### SOURCE RECORDS

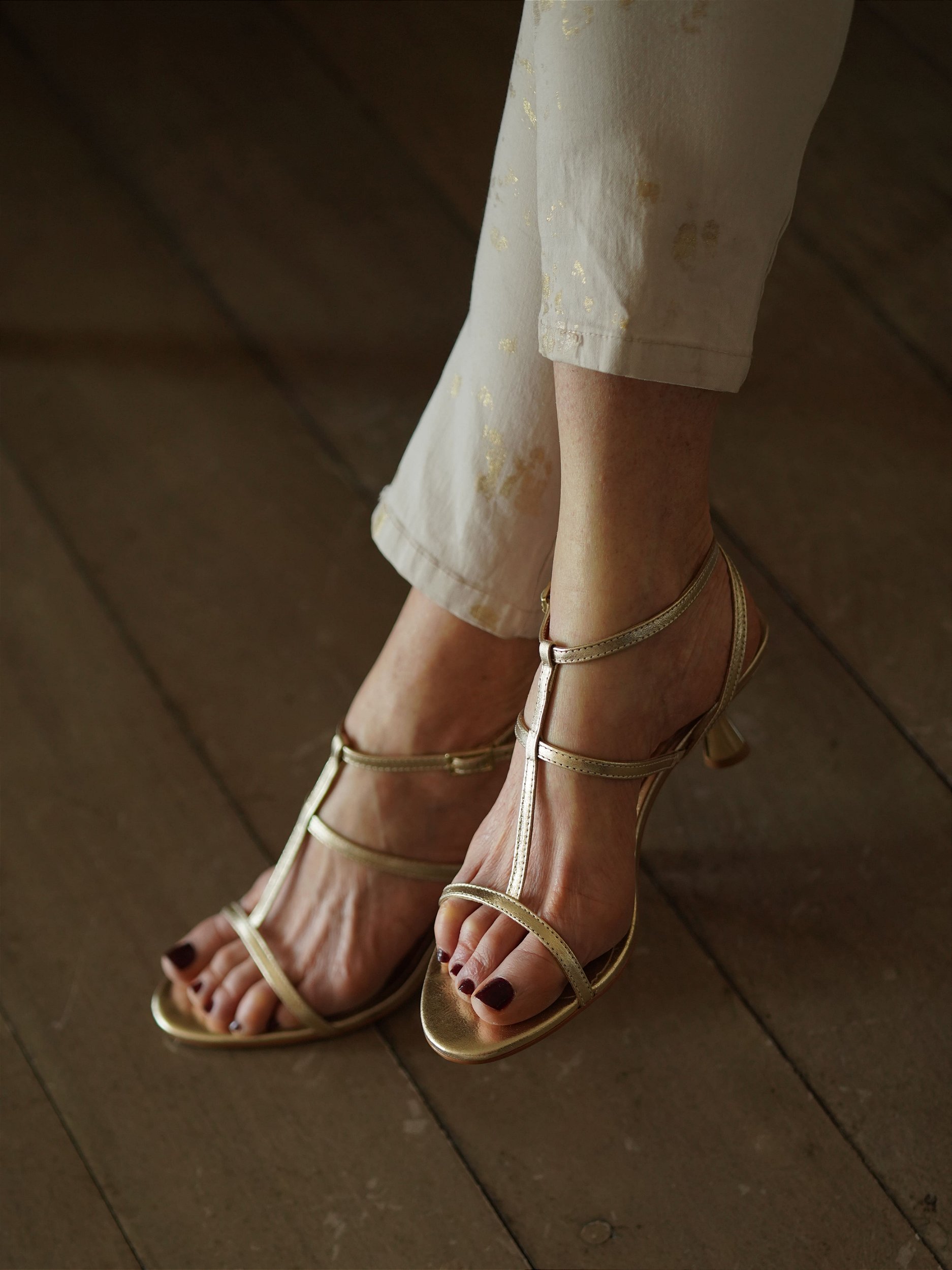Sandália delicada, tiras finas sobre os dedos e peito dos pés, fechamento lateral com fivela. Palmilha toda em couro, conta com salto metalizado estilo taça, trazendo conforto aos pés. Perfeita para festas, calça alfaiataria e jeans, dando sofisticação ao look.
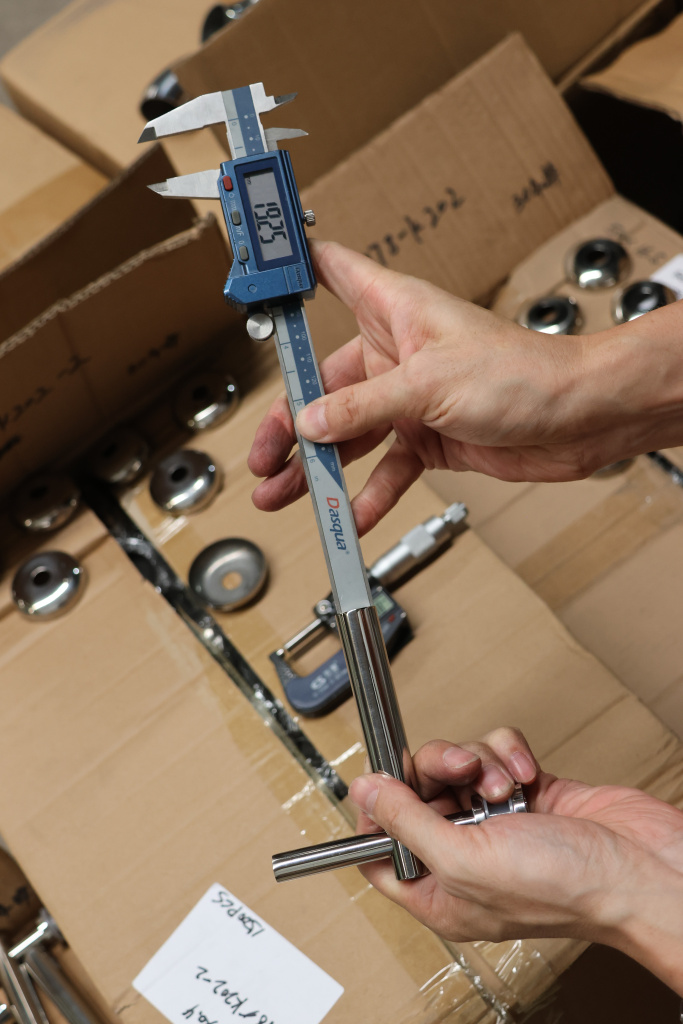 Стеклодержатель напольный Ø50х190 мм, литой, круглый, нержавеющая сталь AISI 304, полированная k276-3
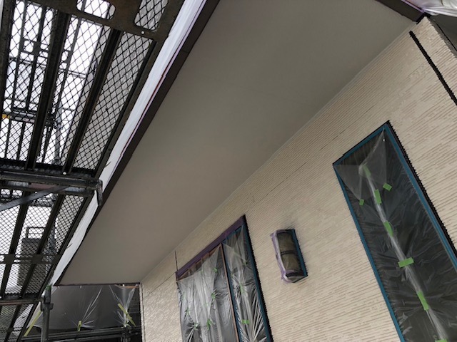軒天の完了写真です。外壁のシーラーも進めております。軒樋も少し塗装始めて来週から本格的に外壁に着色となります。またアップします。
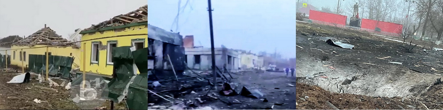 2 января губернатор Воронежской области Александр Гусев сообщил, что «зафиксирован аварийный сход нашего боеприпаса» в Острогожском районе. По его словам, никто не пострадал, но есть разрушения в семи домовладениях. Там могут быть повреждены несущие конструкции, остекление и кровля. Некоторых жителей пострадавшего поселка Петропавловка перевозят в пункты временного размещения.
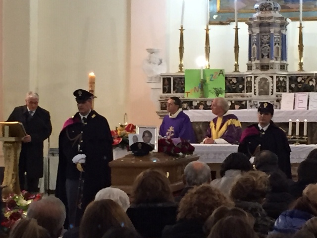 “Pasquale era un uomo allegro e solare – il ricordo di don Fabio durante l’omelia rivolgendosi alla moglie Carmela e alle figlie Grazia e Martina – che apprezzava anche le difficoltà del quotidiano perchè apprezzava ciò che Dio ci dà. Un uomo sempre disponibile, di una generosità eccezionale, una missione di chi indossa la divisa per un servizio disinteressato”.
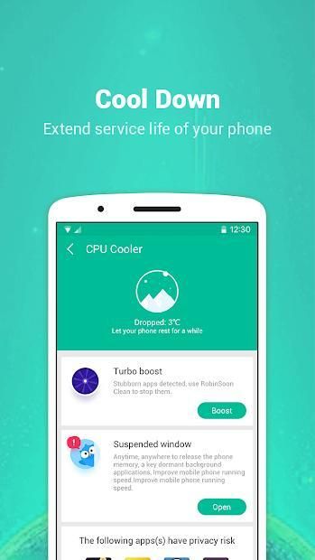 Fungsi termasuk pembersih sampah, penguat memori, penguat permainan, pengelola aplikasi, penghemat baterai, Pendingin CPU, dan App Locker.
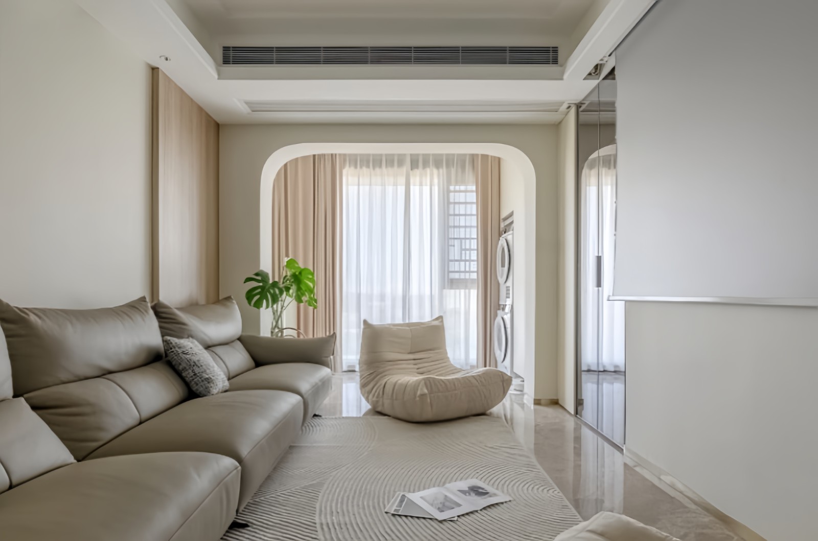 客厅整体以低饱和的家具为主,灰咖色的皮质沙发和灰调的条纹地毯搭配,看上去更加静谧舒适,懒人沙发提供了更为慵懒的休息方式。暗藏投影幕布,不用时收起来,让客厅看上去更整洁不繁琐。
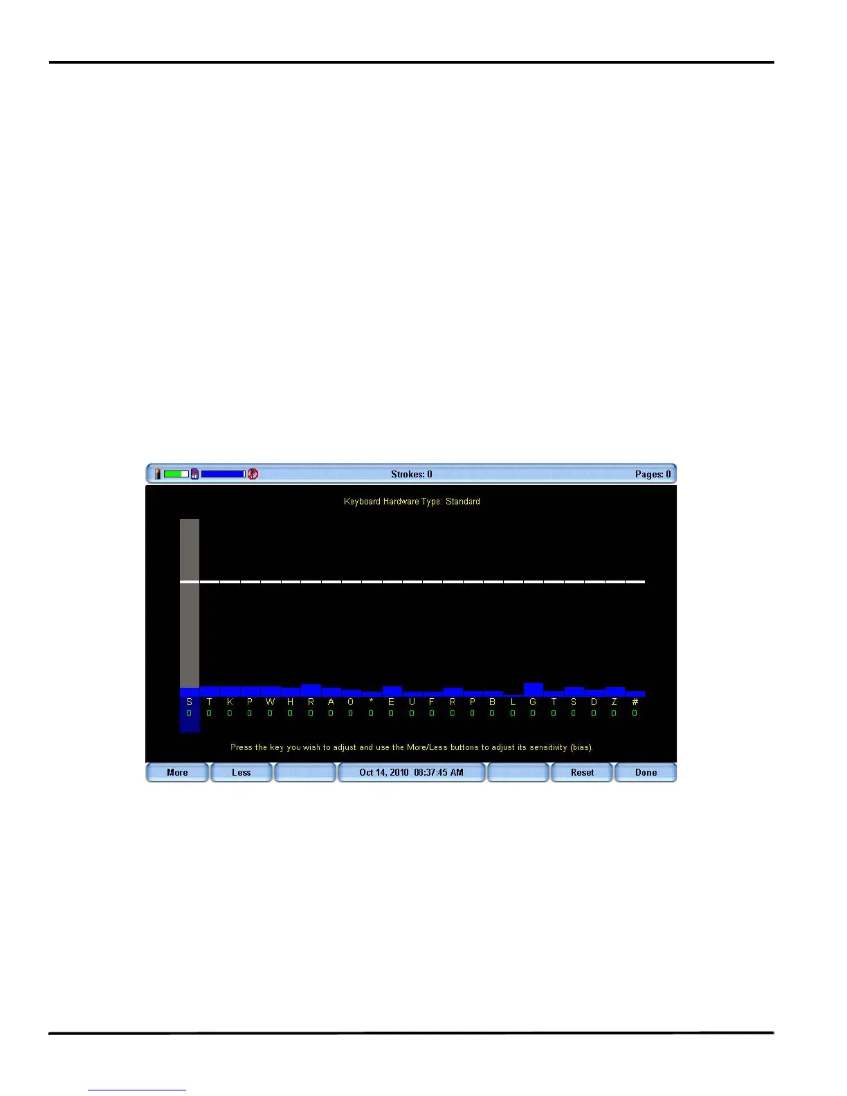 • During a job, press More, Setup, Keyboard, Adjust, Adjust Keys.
--
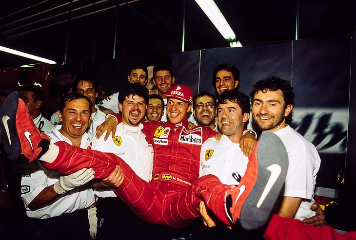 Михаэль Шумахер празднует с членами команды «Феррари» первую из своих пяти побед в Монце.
---
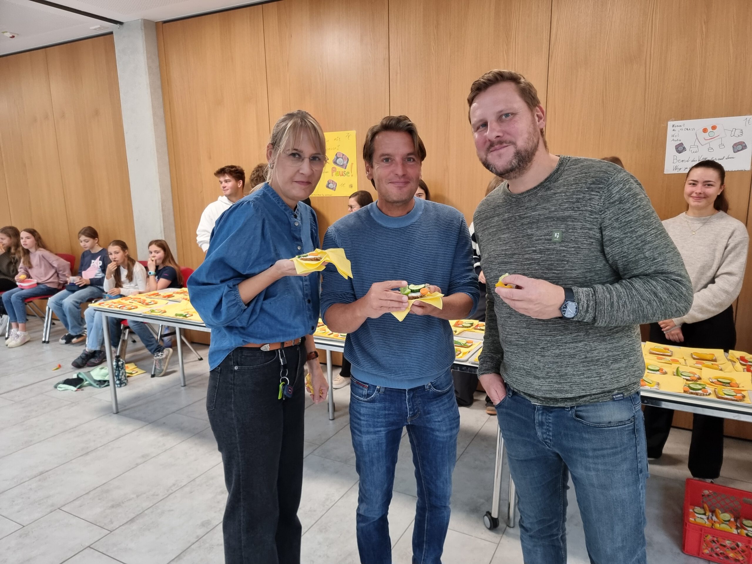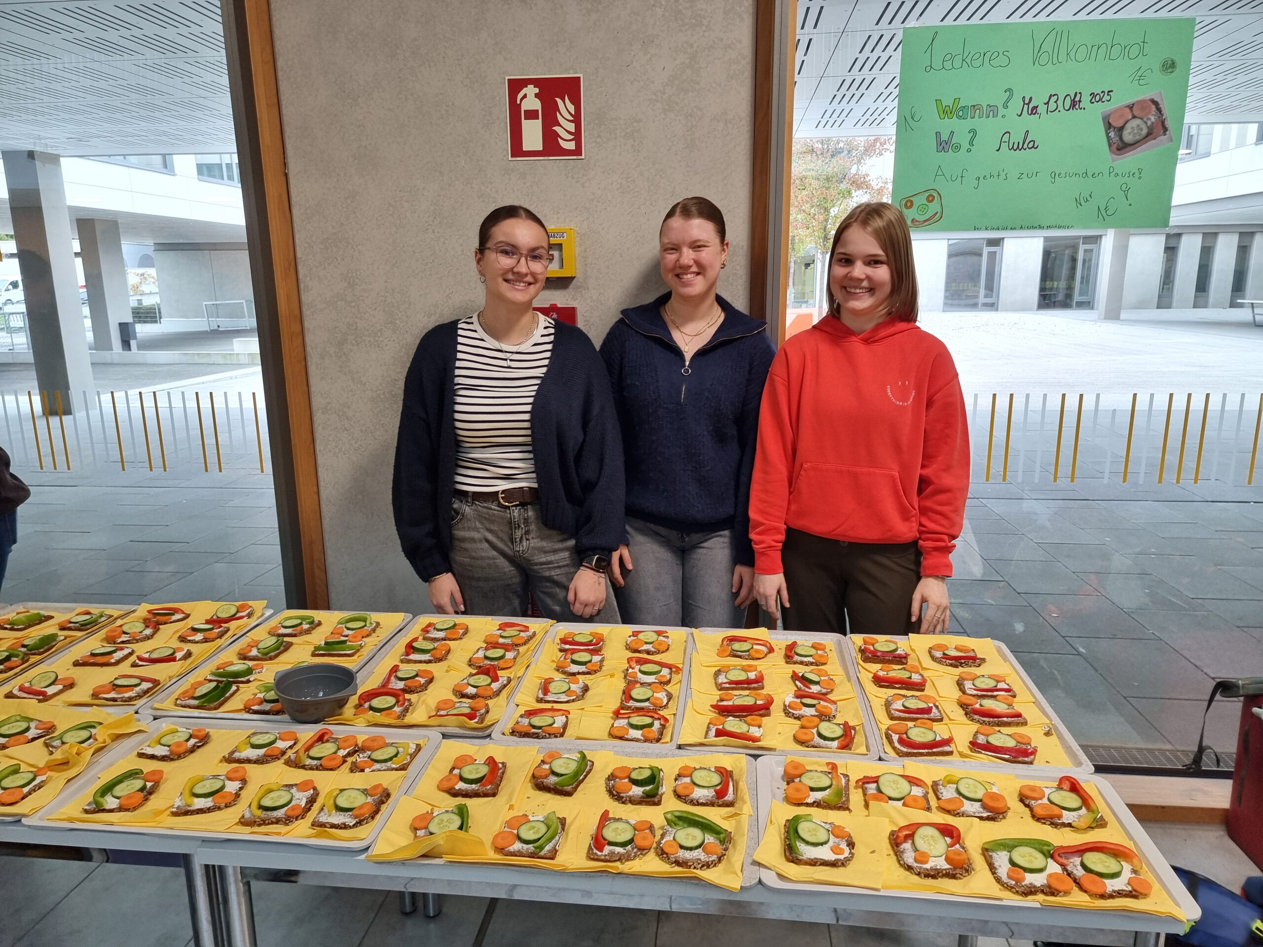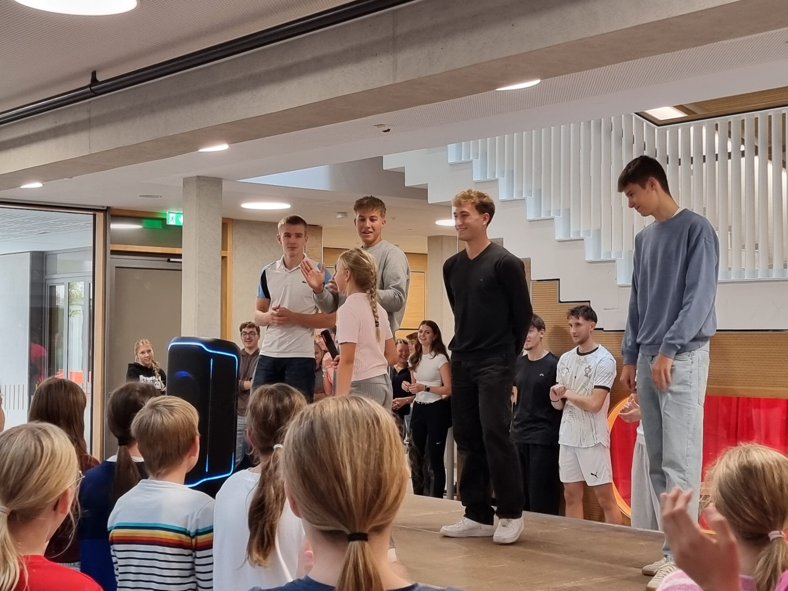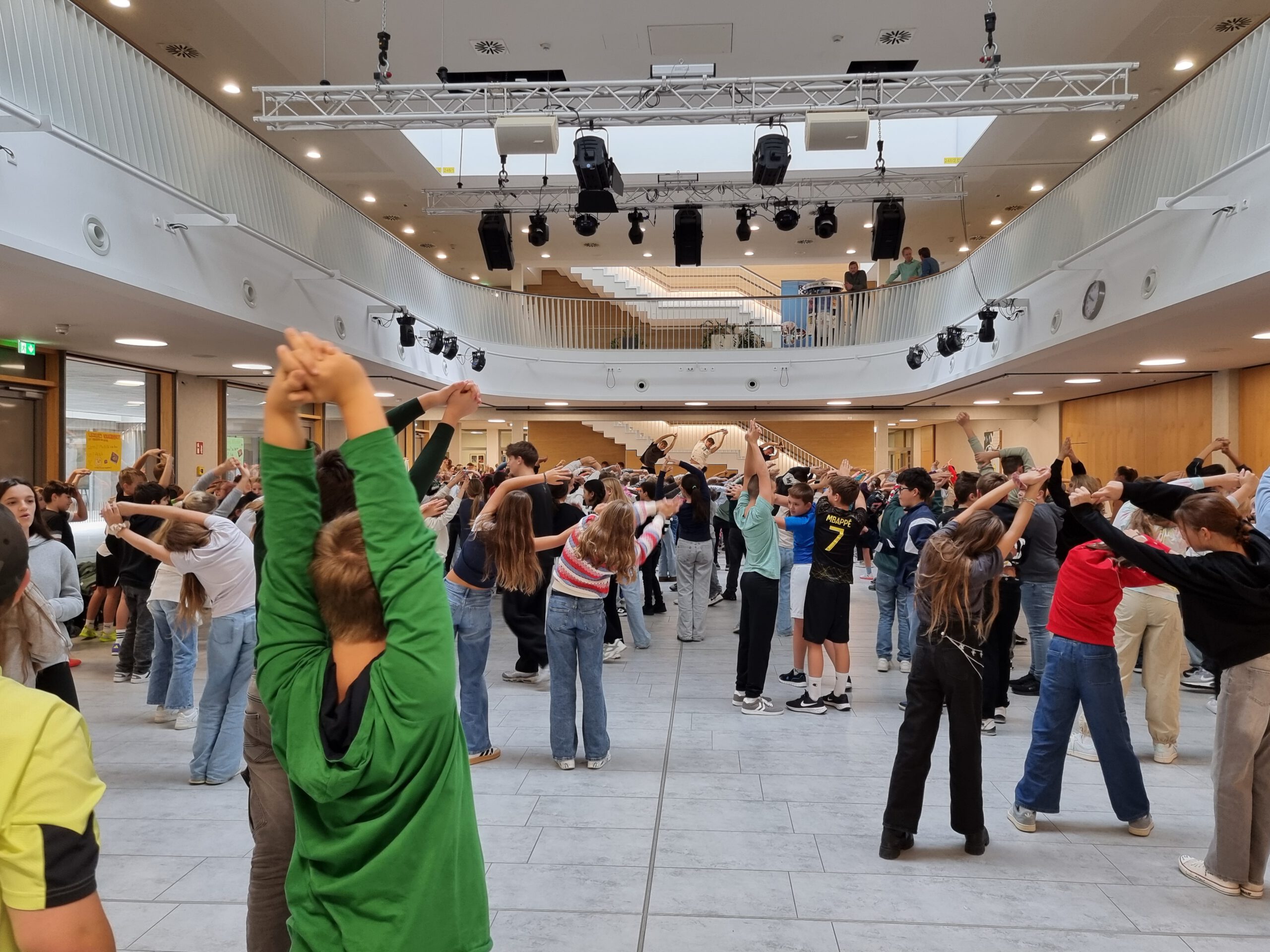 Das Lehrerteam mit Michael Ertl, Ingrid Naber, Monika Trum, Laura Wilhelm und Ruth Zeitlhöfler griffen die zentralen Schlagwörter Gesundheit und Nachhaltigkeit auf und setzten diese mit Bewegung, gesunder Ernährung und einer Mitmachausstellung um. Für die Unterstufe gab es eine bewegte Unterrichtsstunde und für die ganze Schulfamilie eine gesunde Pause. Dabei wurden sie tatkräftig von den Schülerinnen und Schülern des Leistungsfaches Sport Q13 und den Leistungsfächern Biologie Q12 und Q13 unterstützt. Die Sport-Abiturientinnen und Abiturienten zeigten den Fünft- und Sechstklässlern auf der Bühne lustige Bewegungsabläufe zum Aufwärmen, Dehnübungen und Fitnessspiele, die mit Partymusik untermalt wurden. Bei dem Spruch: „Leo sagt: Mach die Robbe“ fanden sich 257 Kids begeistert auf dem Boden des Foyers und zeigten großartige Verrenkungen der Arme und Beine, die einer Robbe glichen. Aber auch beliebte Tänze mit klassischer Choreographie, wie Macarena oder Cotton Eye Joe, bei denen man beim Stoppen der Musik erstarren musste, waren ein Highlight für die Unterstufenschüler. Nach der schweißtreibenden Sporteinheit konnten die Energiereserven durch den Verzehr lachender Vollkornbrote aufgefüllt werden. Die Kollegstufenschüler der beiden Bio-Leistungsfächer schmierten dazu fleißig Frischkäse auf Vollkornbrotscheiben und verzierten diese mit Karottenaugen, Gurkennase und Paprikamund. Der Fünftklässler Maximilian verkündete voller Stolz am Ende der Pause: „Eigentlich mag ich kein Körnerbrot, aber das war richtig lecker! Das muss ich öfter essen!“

### WHAT YOU NEED TO DO
Go to the line above holding "客厅整体以低饱和的家具为主,灰咖色的皮质", then copy exactly each line down to and including the one holding "Adjust, Adjust Keys.", leaving pictures out.

### OUTPUT
 客厅整体以低饱和的家具为主,灰咖色的皮质沙发和灰调的条纹地毯搭配,看上去更加静谧舒适,懒人沙发提供了更为慵懒的休息方式。暗藏投影幕布,不用时收起来,让客厅看上去更整洁不繁琐。
 • During a job, press More, Setup, Keyboard, Adjust, Adjust Keys.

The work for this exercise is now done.